DATA PROVIDED
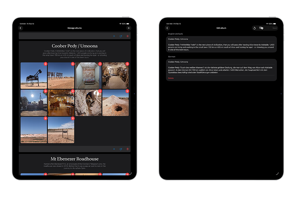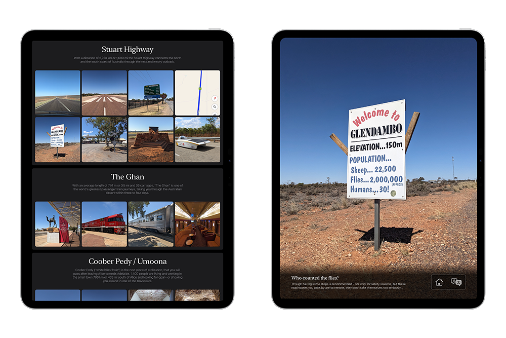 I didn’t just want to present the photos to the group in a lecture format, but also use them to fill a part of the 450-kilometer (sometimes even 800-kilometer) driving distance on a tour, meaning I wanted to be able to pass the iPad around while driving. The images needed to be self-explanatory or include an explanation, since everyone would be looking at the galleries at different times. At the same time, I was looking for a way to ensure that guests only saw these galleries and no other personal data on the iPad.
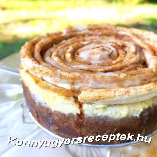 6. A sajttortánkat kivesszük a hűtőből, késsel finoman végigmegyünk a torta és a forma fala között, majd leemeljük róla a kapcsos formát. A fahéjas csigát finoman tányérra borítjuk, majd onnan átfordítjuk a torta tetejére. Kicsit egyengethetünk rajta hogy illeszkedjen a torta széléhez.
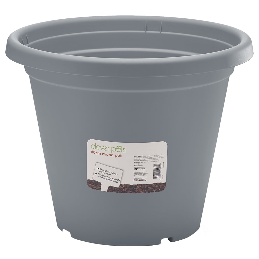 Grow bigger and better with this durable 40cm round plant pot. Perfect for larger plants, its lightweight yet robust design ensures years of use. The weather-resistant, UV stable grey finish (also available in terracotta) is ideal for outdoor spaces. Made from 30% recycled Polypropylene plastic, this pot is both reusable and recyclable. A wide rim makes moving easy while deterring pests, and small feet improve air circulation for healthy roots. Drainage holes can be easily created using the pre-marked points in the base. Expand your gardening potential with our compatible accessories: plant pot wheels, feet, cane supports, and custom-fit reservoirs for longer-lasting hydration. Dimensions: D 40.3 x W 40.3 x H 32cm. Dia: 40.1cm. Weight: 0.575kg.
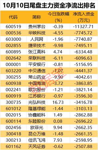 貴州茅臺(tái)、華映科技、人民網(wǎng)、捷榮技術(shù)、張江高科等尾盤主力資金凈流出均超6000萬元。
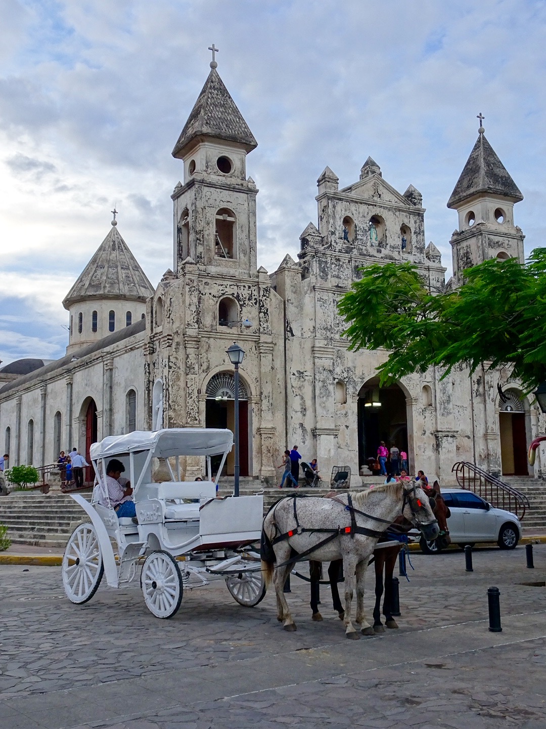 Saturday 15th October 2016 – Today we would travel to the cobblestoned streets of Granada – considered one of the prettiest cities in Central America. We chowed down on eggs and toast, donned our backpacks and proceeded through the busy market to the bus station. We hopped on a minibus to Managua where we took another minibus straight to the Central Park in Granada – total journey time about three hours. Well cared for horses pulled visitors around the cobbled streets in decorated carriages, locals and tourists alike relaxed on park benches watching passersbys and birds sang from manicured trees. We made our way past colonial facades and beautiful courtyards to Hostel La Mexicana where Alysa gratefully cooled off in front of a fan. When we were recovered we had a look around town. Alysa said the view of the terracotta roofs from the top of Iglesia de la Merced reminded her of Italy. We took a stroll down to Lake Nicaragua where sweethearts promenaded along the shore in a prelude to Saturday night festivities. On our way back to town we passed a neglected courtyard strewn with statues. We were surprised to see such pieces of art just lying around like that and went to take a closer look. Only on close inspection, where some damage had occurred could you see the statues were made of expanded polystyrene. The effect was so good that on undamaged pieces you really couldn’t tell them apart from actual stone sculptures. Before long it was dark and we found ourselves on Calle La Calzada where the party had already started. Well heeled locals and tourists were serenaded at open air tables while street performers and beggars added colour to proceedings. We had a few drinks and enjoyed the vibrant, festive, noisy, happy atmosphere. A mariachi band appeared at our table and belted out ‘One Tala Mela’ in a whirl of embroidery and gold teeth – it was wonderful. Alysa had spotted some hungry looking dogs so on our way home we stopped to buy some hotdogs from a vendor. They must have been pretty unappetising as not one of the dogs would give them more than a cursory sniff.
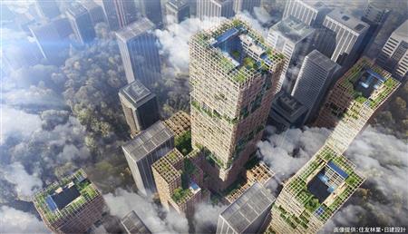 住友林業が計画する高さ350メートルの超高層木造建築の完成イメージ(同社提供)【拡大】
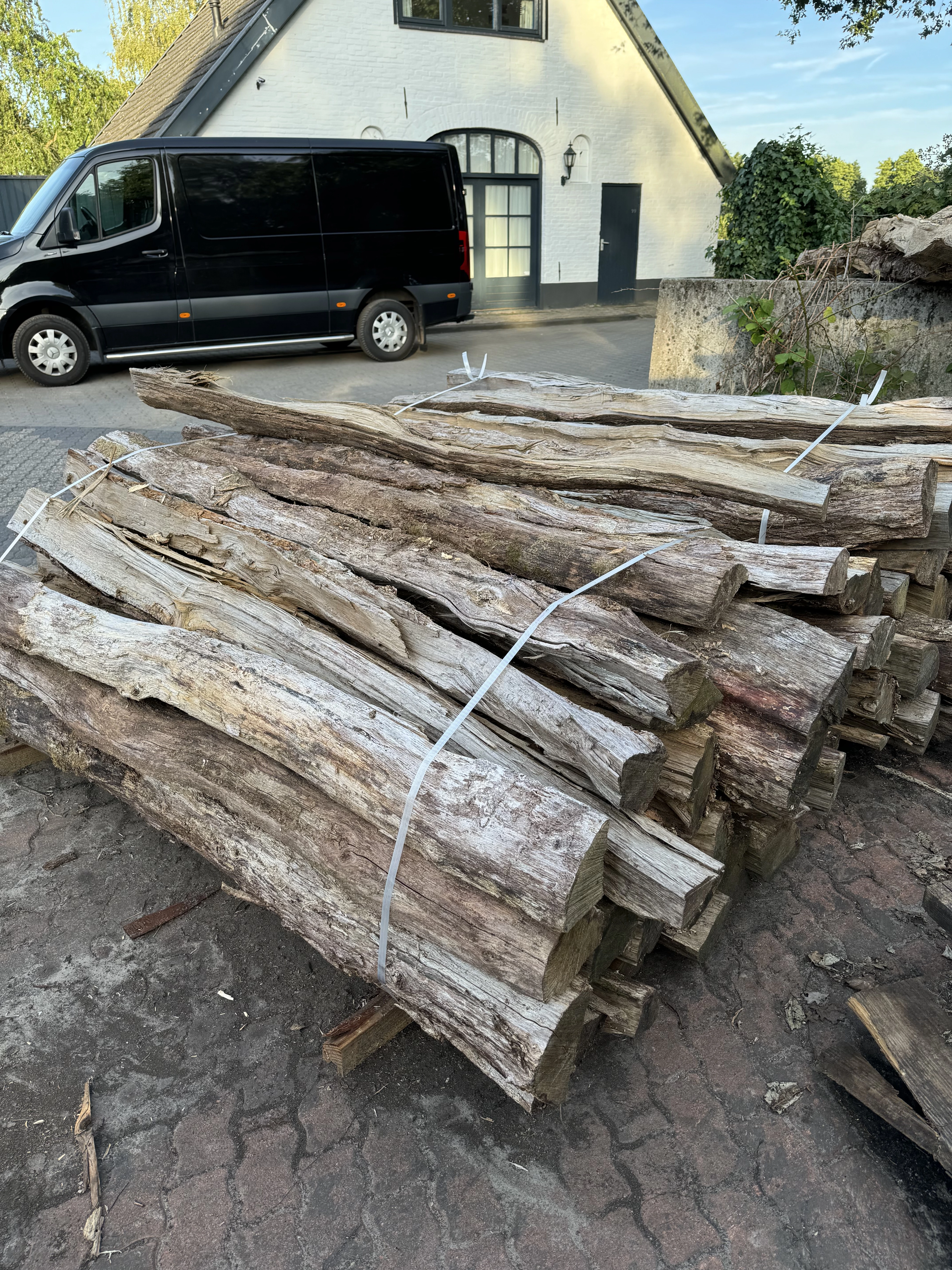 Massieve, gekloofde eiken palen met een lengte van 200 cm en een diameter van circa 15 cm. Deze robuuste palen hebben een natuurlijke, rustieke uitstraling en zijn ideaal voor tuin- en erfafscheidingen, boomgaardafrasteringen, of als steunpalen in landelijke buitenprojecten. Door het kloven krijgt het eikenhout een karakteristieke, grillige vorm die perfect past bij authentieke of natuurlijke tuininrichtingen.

---

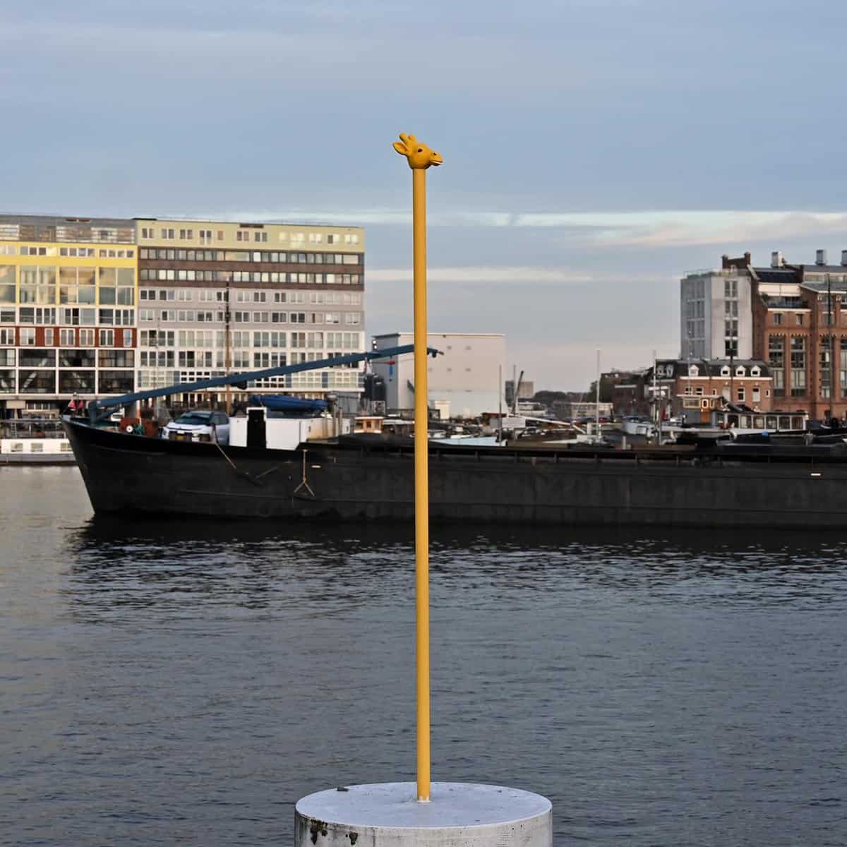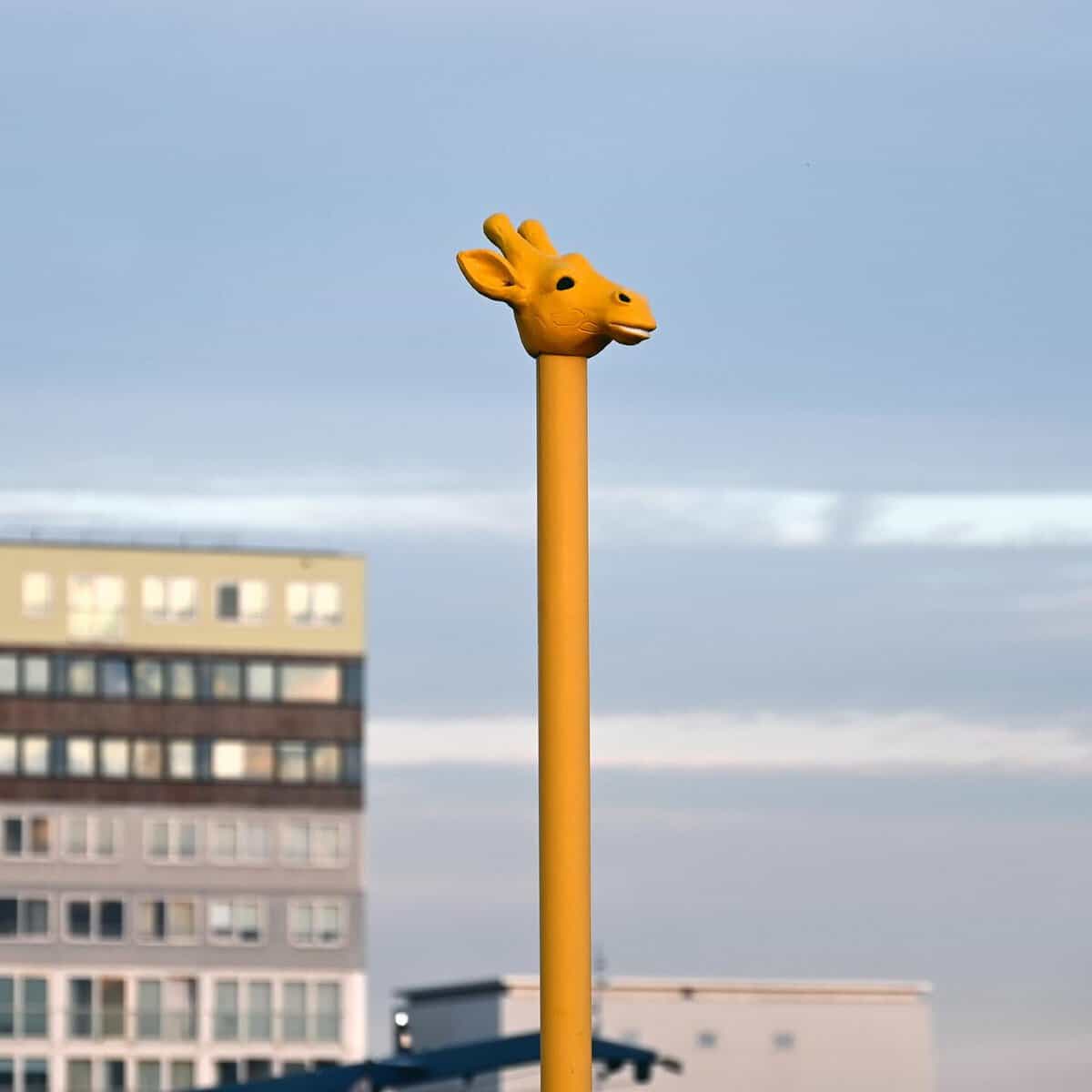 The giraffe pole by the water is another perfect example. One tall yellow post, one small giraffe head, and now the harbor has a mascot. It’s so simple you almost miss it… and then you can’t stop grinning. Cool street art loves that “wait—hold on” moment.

---

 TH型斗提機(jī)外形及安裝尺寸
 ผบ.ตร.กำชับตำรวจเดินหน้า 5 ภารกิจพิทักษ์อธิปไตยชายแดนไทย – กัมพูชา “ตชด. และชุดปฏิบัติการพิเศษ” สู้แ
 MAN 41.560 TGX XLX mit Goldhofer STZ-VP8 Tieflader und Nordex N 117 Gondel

EXERCISE BRIEF
The material above holds pictures; leave them out and set down exactly the lines from the line with "I didn’t just" to the line with "6. A sajttortánkat", both included.

TASK SOLUTION
 I didn’t just want to present the photos to the group in a lecture format, but also use them to fill a part of the 450-kilometer (sometimes even 800-kilometer) driving distance on a tour, meaning I wanted to be able to pass the iPad around while driving. The images needed to be self-explanatory or include an explanation, since everyone would be looking at the galleries at different times. At the same time, I was looking for a way to ensure that guests only saw these galleries and no other personal data on the iPad.
 6. A sajttortánkat kivesszük a hűtőből, késsel finoman végigmegyünk a torta és a forma fala között, majd leemeljük róla a kapcsos formát. A fahéjas csigát finoman tányérra borítjuk, majd onnan átfordítjuk a torta tetejére. Kicsit egyengethetünk rajta hogy illeszkedjen a torta széléhez.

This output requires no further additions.